(TASK TO COMPLETE) Pictures stay out; print the rest of the listing below exactly as it stands.

(THE DATA)
★ ★ ★ ★
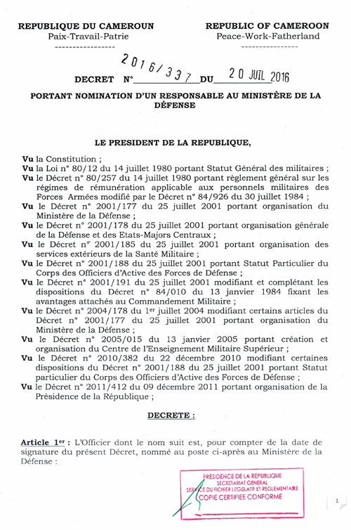Décret N° 2016/337 du 20 juillet 2016 portant nomination d'un responsable au ministère de la Défense Imprimer Tweet Télécharger l'intégralité du décret (pdf) < Précédent Suivant >
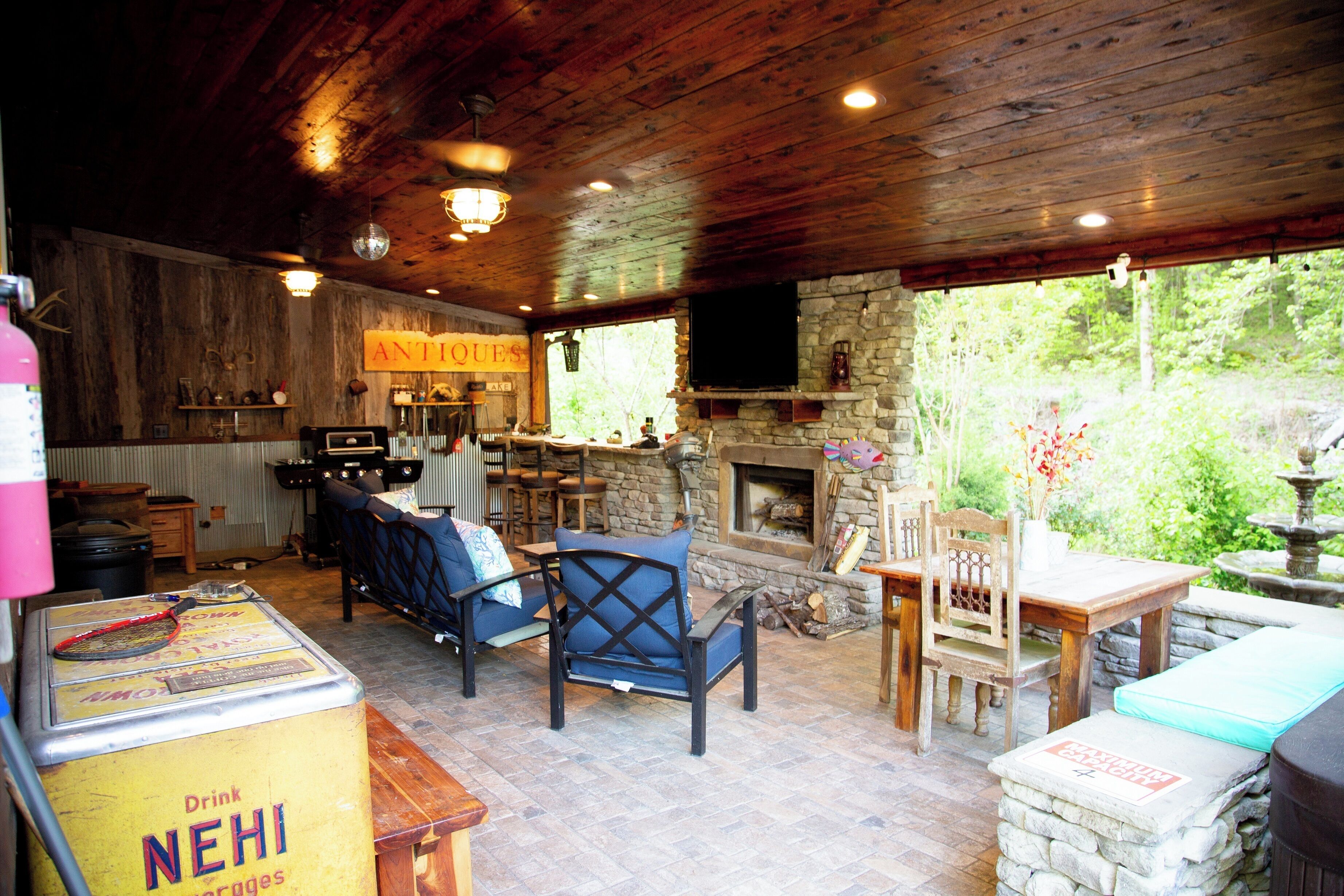 Step outside to enjoy the beauty of nature with three inviting outdoor areas, each offering a unique way to unwind. Whether you're soaking in the hot tub under the stars, enjoying a meal on the open deck, or sipping your morning coffee on the screened-in porch, the cabin's outdoor spaces are designed to help you recharge and reconnect.
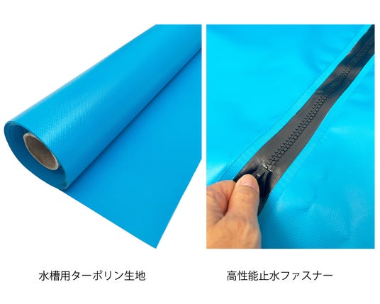 高品質な素材を使用日本製の水槽用ターポリン生地・高性能止水ファスナー採用
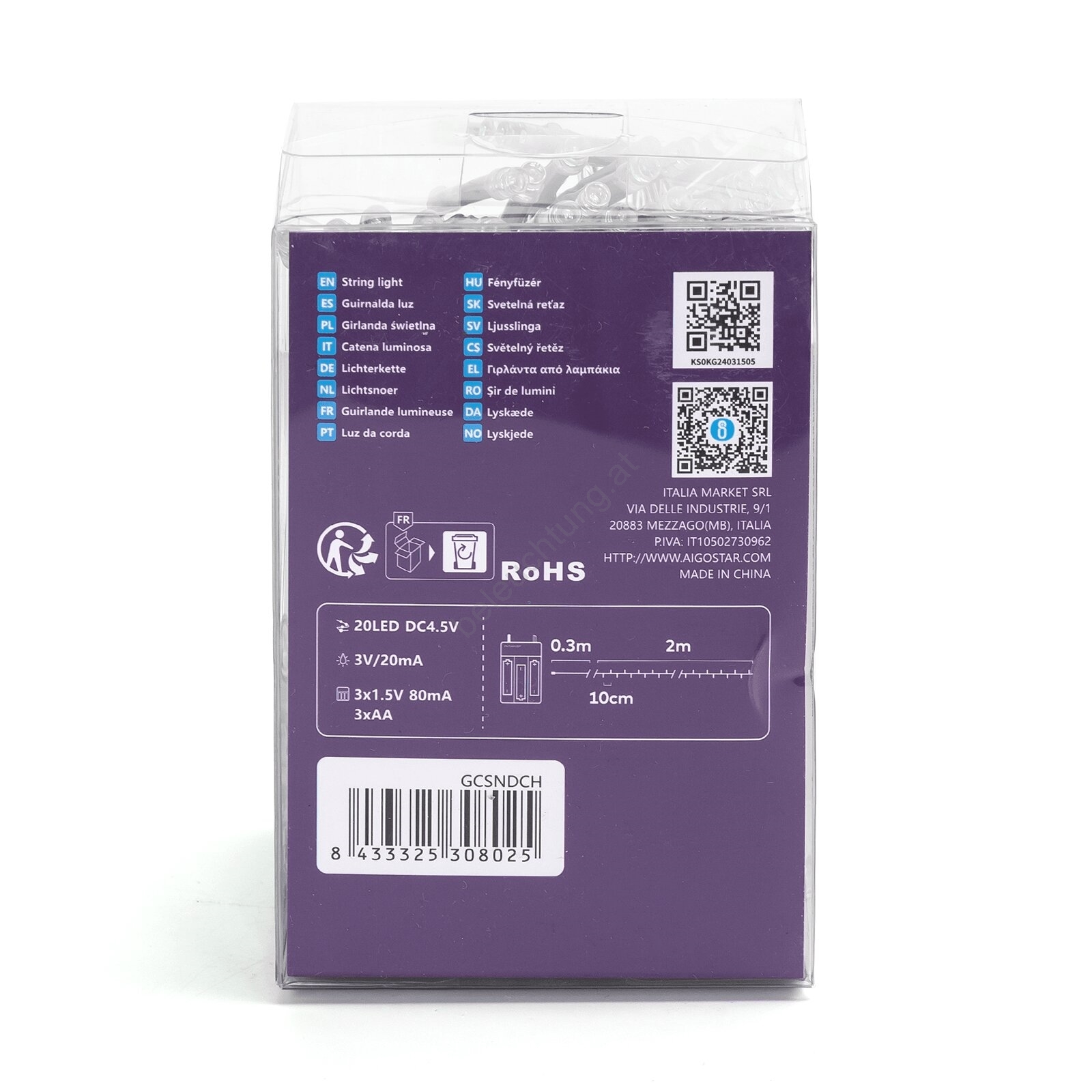 Aigostar - LED-Lichterkette, 100 LEDs, batteriebetrieben (3x AA), 10,3 m, mehrfarbig
★ ★ ★ ★
(SOLUTION BELOW)
Décret N° 2016/337 du 20 juillet 2016 portant nomination d'un responsable au ministère de la Défense Imprimer Tweet Télécharger l'intégralité du décret (pdf) < Précédent Suivant >
 Step outside to enjoy the beauty of nature with three inviting outdoor areas, each offering a unique way to unwind. Whether you're soaking in the hot tub under the stars, enjoying a meal on the open deck, or sipping your morning coffee on the screened-in porch, the cabin's outdoor spaces are designed to help you recharge and reconnect.
 高品質な素材を使用日本製の水槽用ターポリン生地・高性能止水ファスナー採用
 Aigostar - LED-Lichterkette, 100 LEDs, batteriebetrieben (3x AA), 10,3 m, mehrfarbig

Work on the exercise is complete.